* **WORK INSTRUCTIONS**
Each record needs to be transcribed word for word, though without its pictures.

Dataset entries
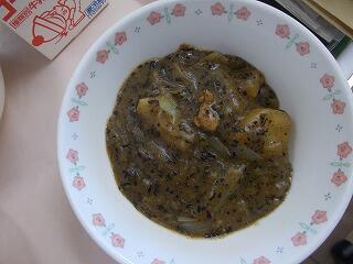 給食でひじきが入った「ブラックカレーライス」が出ました。名前の通りに真っ黒でしたが,味はとても美味しかったです。
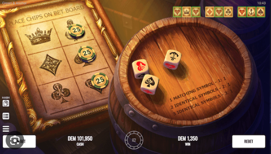 - หากสัญลักษณ์ที่คุณเดิมพัน เมื่อตกลงไปบนลูกเต๋า คุณจะได้รับรางวัล ซึ่งจำนวนจะขึ้นอยู่กับจำนวนสัญลักษณ์ที่เดาได้ รวมถึงจำนวนของแต่ละสัญลักษณ์ที่เดาได้ ตัวอย่างเช่น: 1 สัญลักษณ์ – อัตราส่วนการจ่ายเงิน 1:1, 2 สัญลักษณ์ที่เหมือนกัน – 2:1, สัญลักษณ์ที่เหมือนกันสามอัน – 3:1 เงินเดิมพันสำหรับสัญลักษณ์ที่ชนะจะถูกส่งคืน
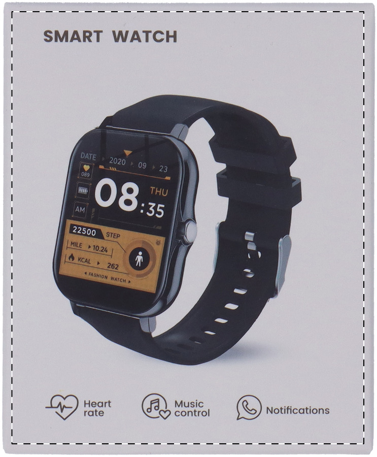 Smartwatch wireless multifunzionale con cassa in metallo, schermo touch screen TFT da 1,44", batteria ricaricabile da 150 mAh e cinturino in silicone. Dispone di diverse funzioni intelligenti e di monitoraggio della salute, come la frequenza cardiaca, la pressione sanguigna e il monitoraggio dell'ossigeno, oltre a molte altre. Può essere collegato agli smartphone con un'applicazione gratuita disponibile per iOS e Android. Include un cavo di ricarica USB. Resistente all'acqua IP65.
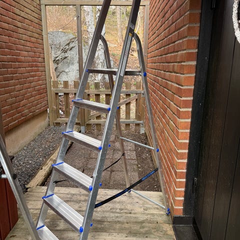 5 steg + plattform. Höjd utfälld 160cm till plattform totalt 190cm
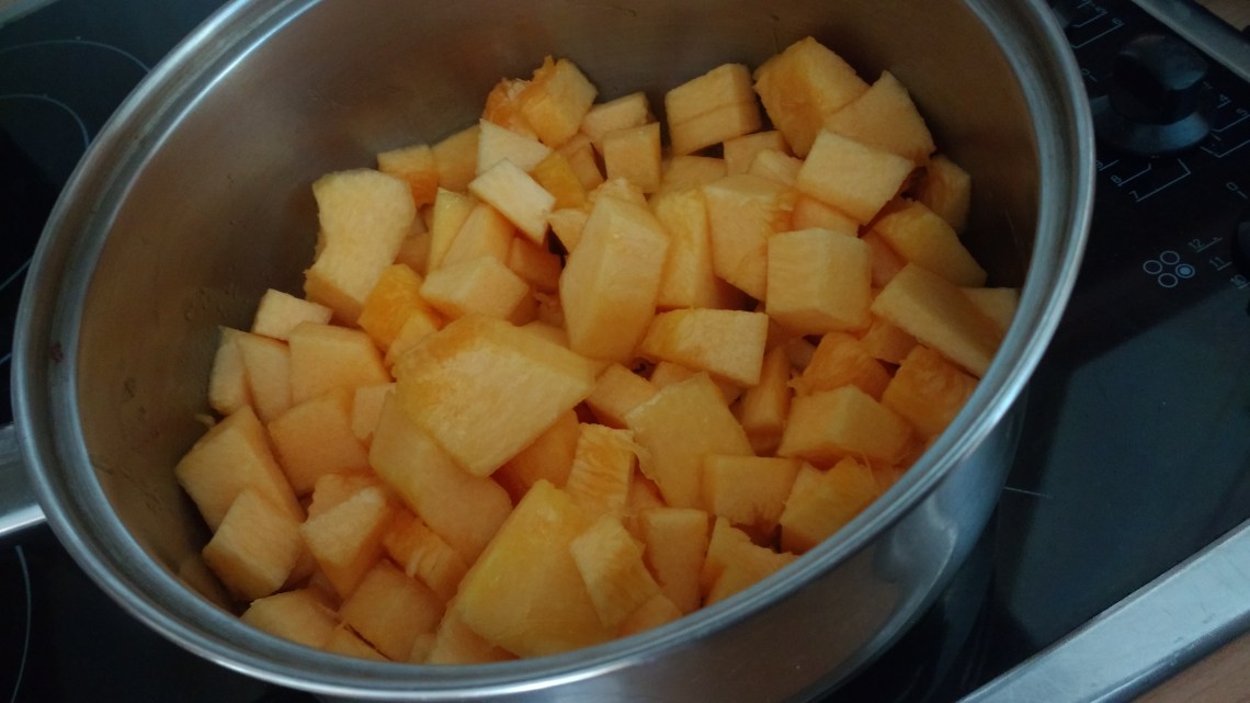3. Saute the pumpkin in a pan with the butter for 5 minutes (this took a lot longer for me as I chopped up way more than 100g of pumpkin 🙈😂 do this stage until the pumpkin is not like a load of bricks and is softer 😂). Then mash or blend it! (Make sure it’s cooled down though or you may melt your chosen utensil 😬🙈). If you mash it like I did, don’t think it’s gone wrong if it still has small lumps of pumpkin in it as it will cook down later anyway! 😂).
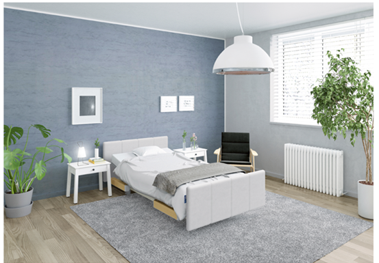 可拆卸的側(cè)面飾板能夠隨意翻轉(zhuǎn)和替換,只需安裝一個(gè)獨(dú)立的轉(zhuǎn)動(dòng)護(hù)欄或側(cè)面扶手,INTIME 1000就變成了護(hù)理床。
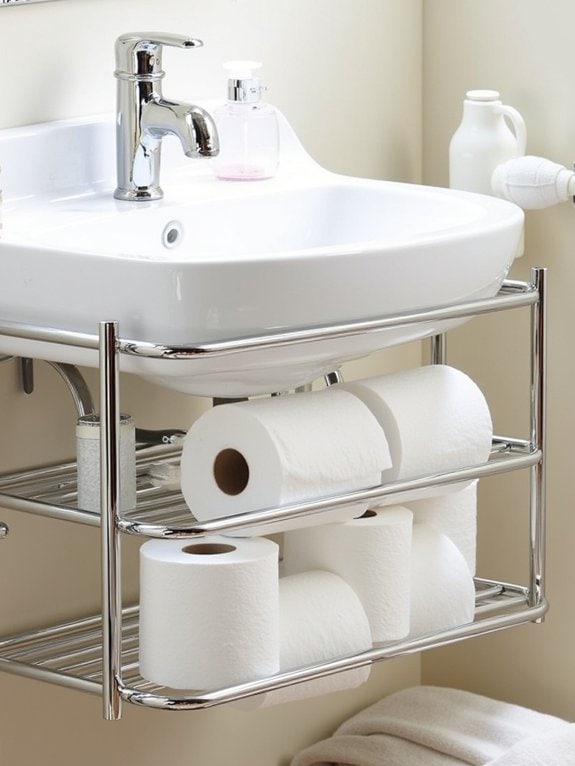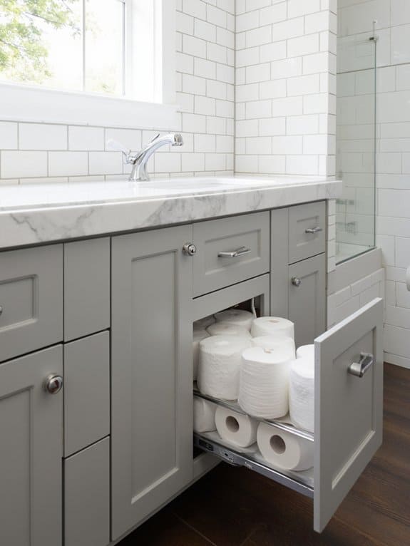 Hidden under-sink storage drawers offer a smart solution for maximizing unused bathroom space. By installing a pull-out drawer system beneath your vanity, you can create a concealed spot for storing toilet paper rolls while protecting them from moisture and dust.
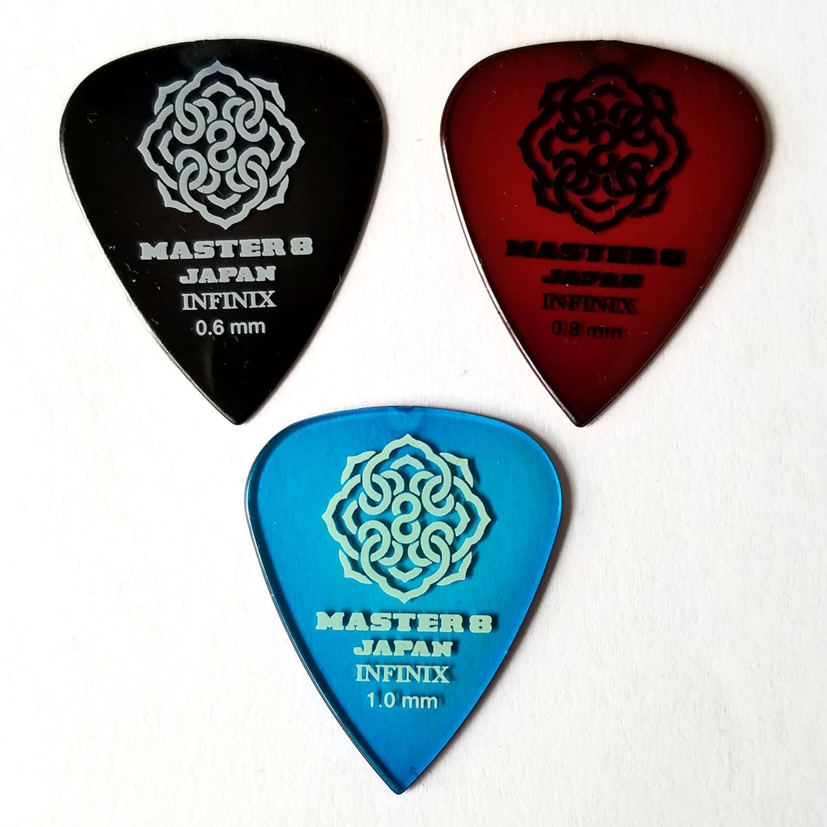 MASTER8JAPANが初めて世に放つ、次世代のピック新素材「INFINIX」。ギターピックに史上初めて採用した特殊プラスチックで柔軟性、形状記憶性、対磨耗性に優れており、ピックに使用されている通常のプラスチックに比べピックノイズが少なく、弦への吸い付きが非常に良い。磨耗に対しても強く、長時間の演奏でもピックが削れづらいので変わらないニュアンスでのプレイが可能。握り心地も鼈甲に近く指への密着性があるためグリップ力も高い。
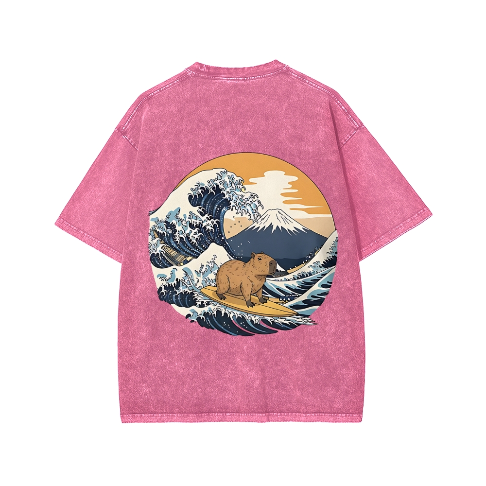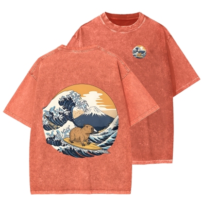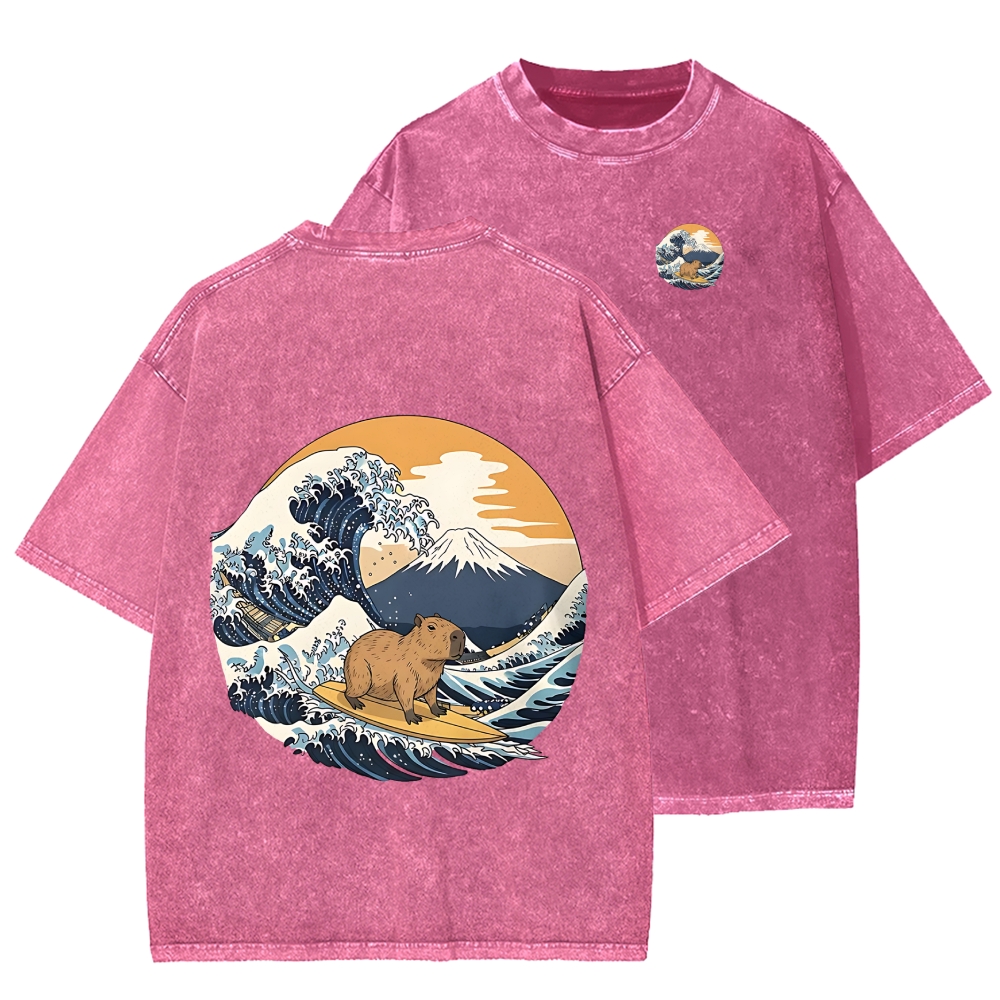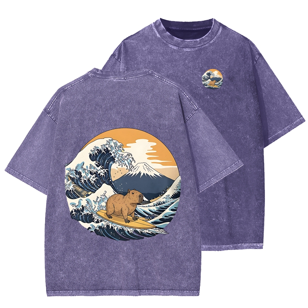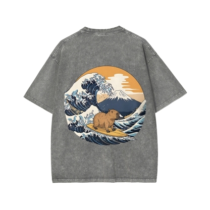 Tokyo-Assassin Capybara Wave Front And Back Printing Washed T-shirt

* **SOLUTION**
 給食でひじきが入った「ブラックカレーライス」が出ました。名前の通りに真っ黒でしたが,味はとても美味しかったです。
 - หากสัญลักษณ์ที่คุณเดิมพัน เมื่อตกลงไปบนลูกเต๋า คุณจะได้รับรางวัล ซึ่งจำนวนจะขึ้นอยู่กับจำนวนสัญลักษณ์ที่เดาได้ รวมถึงจำนวนของแต่ละสัญลักษณ์ที่เดาได้ ตัวอย่างเช่น: 1 สัญลักษณ์ – อัตราส่วนการจ่ายเงิน 1:1, 2 สัญลักษณ์ที่เหมือนกัน – 2:1, สัญลักษณ์ที่เหมือนกันสามอัน – 3:1 เงินเดิมพันสำหรับสัญลักษณ์ที่ชนะจะถูกส่งคืน
 Smartwatch wireless multifunzionale con cassa in metallo, schermo touch screen TFT da 1,44", batteria ricaricabile da 150 mAh e cinturino in silicone. Dispone di diverse funzioni intelligenti e di monitoraggio della salute, come la frequenza cardiaca, la pressione sanguigna e il monitoraggio dell'ossigeno, oltre a molte altre. Può essere collegato agli smartphone con un'applicazione gratuita disponibile per iOS e Android. Include un cavo di ricarica USB. Resistente all'acqua IP65.
 5 steg + plattform. Höjd utfälld 160cm till plattform totalt 190cm
3. Saute the pumpkin in a pan with the butter for 5 minutes (this took a lot longer for me as I chopped up way more than 100g of pumpkin 🙈😂 do this stage until the pumpkin is not like a load of bricks and is softer 😂). Then mash or blend it! (Make sure it’s cooled down though or you may melt your chosen utensil 😬🙈). If you mash it like I did, don’t think it’s gone wrong if it still has small lumps of pumpkin in it as it will cook down later anyway! 😂).
 可拆卸的側(cè)面飾板能夠隨意翻轉(zhuǎn)和替換,只需安裝一個(gè)獨(dú)立的轉(zhuǎn)動(dòng)護(hù)欄或側(cè)面扶手,INTIME 1000就變成了護(hù)理床。
 Hidden under-sink storage drawers offer a smart solution for maximizing unused bathroom space. By installing a pull-out drawer system beneath your vanity, you can create a concealed spot for storing toilet paper rolls while protecting them from moisture and dust.
 MASTER8JAPANが初めて世に放つ、次世代のピック新素材「INFINIX」。ギターピックに史上初めて採用した特殊プラスチックで柔軟性、形状記憶性、対磨耗性に優れており、ピックに使用されている通常のプラスチックに比べピックノイズが少なく、弦への吸い付きが非常に良い。磨耗に対しても強く、長時間の演奏でもピックが削れづらいので変わらないニュアンスでのプレイが可能。握り心地も鼈甲に近く指への密着性があるためグリップ力も高い。
 Tokyo-Assassin Capybara Wave Front And Back Printing Washed T-shirt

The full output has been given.